According to an embodiment of the present invention, the base may have a containing room in which the evaporator is wedged.
According to an embodiment of the present invention, the base may comprise a circuit board, a clamping block and a conducting unit. The LEDs are disposed on said circuit board. The clamping block clamps the evaporator. The conducting unit is associated between the circuit board and the clamping block. In addition, the clamping block has a containing room in which the evaporator is wedged or a recess in which said evaporator is wedged.
According to an embodiment of the present invention, the base is a circuit board, for example.
According to an embodiment of the present invention, at least one part of the condenser may be adhered to a surface of the heat dissipating unit with an adhesive or welded on the surface of the heat dissipating unit.
According to an embodiment of the present invention, the LED illumination apparatus may further comprise at least one connector connected between at least one part of the condenser and a surface of the heat dissipating unit. The connector has a recess, and the part of the condenser is disposed in the recess.
According to an embodiment of the present invention, the LED illumination apparatus may further comprise an electric fan disposed beside the heat dissipating unit and/or the condenser.
According to an embodiment of the present invention, the inside diameters of the condenser, the first transmitting pipe and the second transmitting pipe may be all less than 4 mm, and the total length of the condenser, the first transmitting pipe and the second transmitting pipe may be longer than 600 mm.
According to the present invention, the heat generated from the LEDs can be conducted to the heat dissipating unit via the base and the LHP device. The LHP device has good heat transmitting properties by using the working fluid filled therein to carry the heat generated from the LEDs, such that the LED illumination apparatus in the invention has better heat dissipating characteristics. In addition, by means of using the LHP device to associate the illumination module with the heat dissipating unit of the LED illumination apparatus, the heat dissipating method in the invention dissipates the heat generated from the LEDs efficiently.
The above-mentioned contents of the present invention and the following description of the embodiments are only for example, not intended to limit the scope of the invention.

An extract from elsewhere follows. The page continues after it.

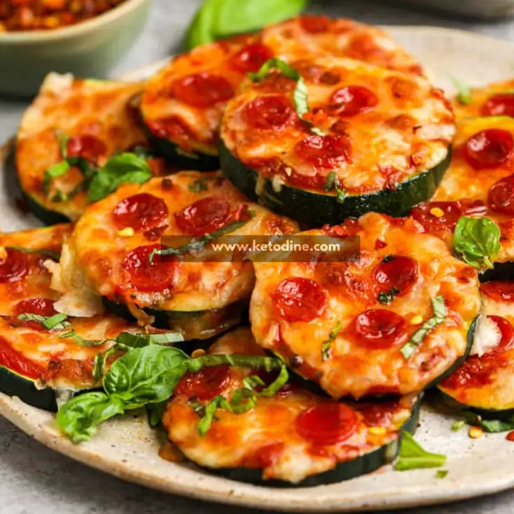 Fresh zucchini slices transformed into bite-sized pizzas topped with gooey cheese and savory pepperoni. A quick, 25-minute keto snack that is both nutritious and incredibly satisfying.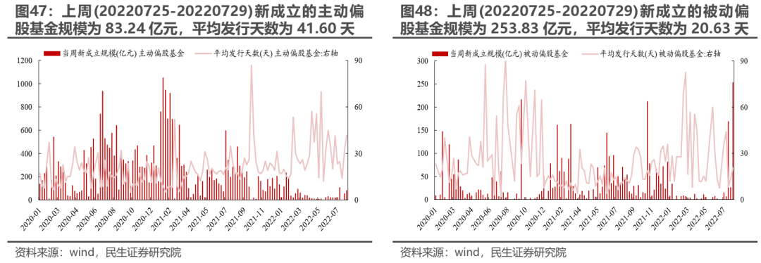 7.3 新成立权益基金规模环比明显回升,其中,新成立的主动/被动偏股基金规模均环比上升,平均发行天数均有所增加

Thus, many equal variations and modifications of the following embodiments could be made without departing form the spirit of the present invention and should be covered by the following claims.
The objectives, features of the present invention as well as the advantages thereof can be best understood through the following embodiments and the accompanying drawings, wherein:
The invention will be explained in detail in accordance with the accompanying drawings. It is necessary to illustrate that the drawings in the below could be in simplified forms and not drawn in proportion to the real cases. Further, the dimensions of the drawings are enlarged for explaining and understanding more clearly.
An LHP device has many kinds of characteristics or advantages, for example, the high heat transmitting rate, the far distance heat-transmitting property, the flexibility property, the non-directional property (not influenced by the gravity) and the unidirectional heat-transferring property. Besides, the diameter of the connecting pipe of the LHP device may be less than 4 mm. Therefore, it is very appropriate to use the LHP device to solve the heat dissipation problem for a LED illumination apparatus with high power or high brightness.
In an LED illumination apparatus according to an embodiment of the present invention, an evaporator of the LHP device is associated with the LEDs through a base, and a condenser of the LHP device is associated with a heat dissipating unit. Therefore, the heat generated from the LEDs can be transmitted to the heat dissipating unit via the LHP device, and then dissipated away from the surface of the heat dissipating unit to make the LED illumination apparatus have better heat dissipating characteristics, such that the lifetime of the illumination apparatus of the present invention is increased.
In this embodiment, the evaporator 132 may comprise a porous member 132d in the chamber 132c. The porous member 132d has a hollow space 132e therein. The working fluid 135′ at the liquid state is enveloped in the hollow space 132e by the porous member 132d, and the porous member 132d is suitable for being permeated with the working fluid 135. More specifically, the body of the evaporator 132 may be a hollow metal cylinder shell 102 with a chamber 132c therein, and a plurality of radial protruding members 104 may extend from the metal cylinder shell 102 to the inner of the metal cylinder shell 102. The porous member 132d with the hollow space 132e may be attached within the metal cylinder shell 102 to form a plurality of vapor channels 105 between the metal cylinder shell 102 and the porous member 132d. The hollow space 132e may be a hollow cylinder chamber filled with the working fluid 135′ at the liquid state. Due to the capillary effect, the work fluid 135 can permeate through the porous member 132d into the vapor channels 105.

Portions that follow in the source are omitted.